Several critical questions about P. infestans TIM50 remain unanswered and represent important directions for future research. The three-dimensional structure of P. infestans TIM50 has not been determined, leaving uncertainty about how its molecular architecture enables its diverse functions in protein recognition and translocation . The regulatory mechanisms controlling TIM50 expression and activity during different life stages and infection processes remain largely unexplored, despite evidence that mitochondrial proteins show differential expression during appressorium formation and infection . The specific contribution of TIM50 to P. infestans virulence has not been directly assessed through targeted genetic manipulation, leaving its potential as a pathogenicity factor unconfirmed . The complete interactome of P. infestans TIM50 with other components of the mitochondrial import machinery and potentially with host factors during infection is unknown . The evolution of TIM50 across oomycete species and its relationship to host adaptation and speciation remains an open question with implications for understanding pathogen evolution . The potential for species-specific inhibitors of TIM50 as novel control agents has not been systematically investigated despite the need for new management strategies for late blight disease . The adaptation of the mitochondrial import machinery to the unique metabolic demands of different life stages, particularly during host colonization, represents another significant knowledge gap. Addressing these questions would not only advance our fundamental understanding of this important plant pathogen but could also reveal novel approaches for disease management.

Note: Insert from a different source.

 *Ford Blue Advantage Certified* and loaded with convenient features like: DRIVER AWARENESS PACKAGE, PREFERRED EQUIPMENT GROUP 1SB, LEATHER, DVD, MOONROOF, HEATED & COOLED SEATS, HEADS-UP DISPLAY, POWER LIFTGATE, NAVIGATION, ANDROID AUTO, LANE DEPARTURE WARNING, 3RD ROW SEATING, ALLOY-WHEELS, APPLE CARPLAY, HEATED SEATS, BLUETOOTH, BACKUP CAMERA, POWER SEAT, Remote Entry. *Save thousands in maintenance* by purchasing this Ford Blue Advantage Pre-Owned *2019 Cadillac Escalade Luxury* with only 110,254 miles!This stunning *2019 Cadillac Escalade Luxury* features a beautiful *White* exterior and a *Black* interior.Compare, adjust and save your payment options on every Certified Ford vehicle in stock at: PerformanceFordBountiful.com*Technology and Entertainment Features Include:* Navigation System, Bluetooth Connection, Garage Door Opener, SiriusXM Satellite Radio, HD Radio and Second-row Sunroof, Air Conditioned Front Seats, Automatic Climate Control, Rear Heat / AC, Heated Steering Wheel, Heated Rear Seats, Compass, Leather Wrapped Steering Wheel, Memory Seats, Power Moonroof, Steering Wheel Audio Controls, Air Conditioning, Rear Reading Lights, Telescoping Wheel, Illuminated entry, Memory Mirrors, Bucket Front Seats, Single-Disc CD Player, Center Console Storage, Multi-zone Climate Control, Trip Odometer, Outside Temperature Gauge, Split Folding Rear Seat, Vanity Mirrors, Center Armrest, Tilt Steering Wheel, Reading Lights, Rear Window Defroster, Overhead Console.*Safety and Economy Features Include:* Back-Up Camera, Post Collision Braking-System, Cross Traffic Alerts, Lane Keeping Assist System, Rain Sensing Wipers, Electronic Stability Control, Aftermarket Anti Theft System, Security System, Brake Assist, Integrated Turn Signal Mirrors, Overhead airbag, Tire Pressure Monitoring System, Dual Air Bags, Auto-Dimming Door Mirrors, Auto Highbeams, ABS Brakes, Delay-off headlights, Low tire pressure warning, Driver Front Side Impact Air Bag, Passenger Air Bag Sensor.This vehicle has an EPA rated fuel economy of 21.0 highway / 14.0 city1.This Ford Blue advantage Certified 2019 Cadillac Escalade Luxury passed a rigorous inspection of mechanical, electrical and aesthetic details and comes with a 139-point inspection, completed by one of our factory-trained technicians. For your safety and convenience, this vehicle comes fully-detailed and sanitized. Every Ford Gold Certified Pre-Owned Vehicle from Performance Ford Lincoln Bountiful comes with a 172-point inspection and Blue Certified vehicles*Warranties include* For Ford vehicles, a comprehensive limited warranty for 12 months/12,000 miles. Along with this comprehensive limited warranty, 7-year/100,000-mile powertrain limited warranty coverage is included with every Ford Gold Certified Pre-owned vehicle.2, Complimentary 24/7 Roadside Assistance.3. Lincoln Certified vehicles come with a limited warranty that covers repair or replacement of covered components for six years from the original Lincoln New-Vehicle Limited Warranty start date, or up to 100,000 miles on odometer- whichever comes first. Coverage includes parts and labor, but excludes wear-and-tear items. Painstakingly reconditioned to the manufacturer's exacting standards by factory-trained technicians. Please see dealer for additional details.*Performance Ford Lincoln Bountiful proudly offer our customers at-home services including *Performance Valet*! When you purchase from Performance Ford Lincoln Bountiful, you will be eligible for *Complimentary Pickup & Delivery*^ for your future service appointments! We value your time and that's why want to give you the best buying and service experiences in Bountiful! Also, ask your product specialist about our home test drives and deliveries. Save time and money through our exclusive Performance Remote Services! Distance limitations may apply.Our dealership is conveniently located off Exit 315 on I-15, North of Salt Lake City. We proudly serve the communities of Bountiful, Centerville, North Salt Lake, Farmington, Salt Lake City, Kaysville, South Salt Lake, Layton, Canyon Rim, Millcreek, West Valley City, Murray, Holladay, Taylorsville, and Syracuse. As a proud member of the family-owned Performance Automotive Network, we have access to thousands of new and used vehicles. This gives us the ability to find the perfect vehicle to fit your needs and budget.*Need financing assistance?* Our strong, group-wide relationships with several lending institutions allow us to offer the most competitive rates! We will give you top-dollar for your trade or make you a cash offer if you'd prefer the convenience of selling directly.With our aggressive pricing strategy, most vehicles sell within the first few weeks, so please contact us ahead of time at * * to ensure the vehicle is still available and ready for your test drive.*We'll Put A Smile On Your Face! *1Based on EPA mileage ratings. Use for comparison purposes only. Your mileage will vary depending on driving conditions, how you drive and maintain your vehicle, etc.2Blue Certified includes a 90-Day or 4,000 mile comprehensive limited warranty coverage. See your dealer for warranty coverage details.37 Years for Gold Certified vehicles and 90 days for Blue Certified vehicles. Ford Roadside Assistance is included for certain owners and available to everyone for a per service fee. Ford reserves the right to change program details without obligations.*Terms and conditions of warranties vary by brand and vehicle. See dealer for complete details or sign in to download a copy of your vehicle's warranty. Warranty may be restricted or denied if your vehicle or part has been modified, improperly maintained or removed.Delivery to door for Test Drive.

How can collaborative research approaches accelerate progress in understanding TIM50 function in P. infestans?

Collaborative research approaches can significantly accelerate progress in understanding TIM50 function through integration of diverse expertise and technologies. Interdisciplinary teams combining structural biologists, molecular geneticists, plant pathologists, and computational biologists would bring complementary perspectives to the complex questions surrounding TIM50 function . International consortia connecting researchers studying different Phytophthora species could facilitate comparative analyses that reveal evolutionary patterns and host-specific adaptations . Public-private partnerships between academic institutions and agricultural technology companies could accelerate translation of basic research into applied disease management strategies. Standardized protocols and materials sharing, such as recombinant protein constructs, antibodies, and genetic modification tools optimized for P. infestans, would enhance reproducibility and enable more rapid progress. Centralized data repositories integrating proteomics, genomics, and functional studies related to mitochondrial import in oomycetes would facilitate meta-analyses and systems-level insights. Collaborative field testing networks could evaluate the relevance of laboratory findings to real-world agricultural contexts. Engagement with potato growers and industry stakeholders would ensure research priorities align with practical needs for disease management. Educational initiatives training early-career researchers in the interdisciplinary skills needed for this research would build capacity for future discovery. Open science approaches with preprint sharing and open access publication would accelerate knowledge dissemination. Together, these collaborative strategies would transform our understanding of TIM50 function in P. infestans more rapidly than traditional siloed research approaches, potentially leading to innovative solutions for managing this devastating plant pathogen.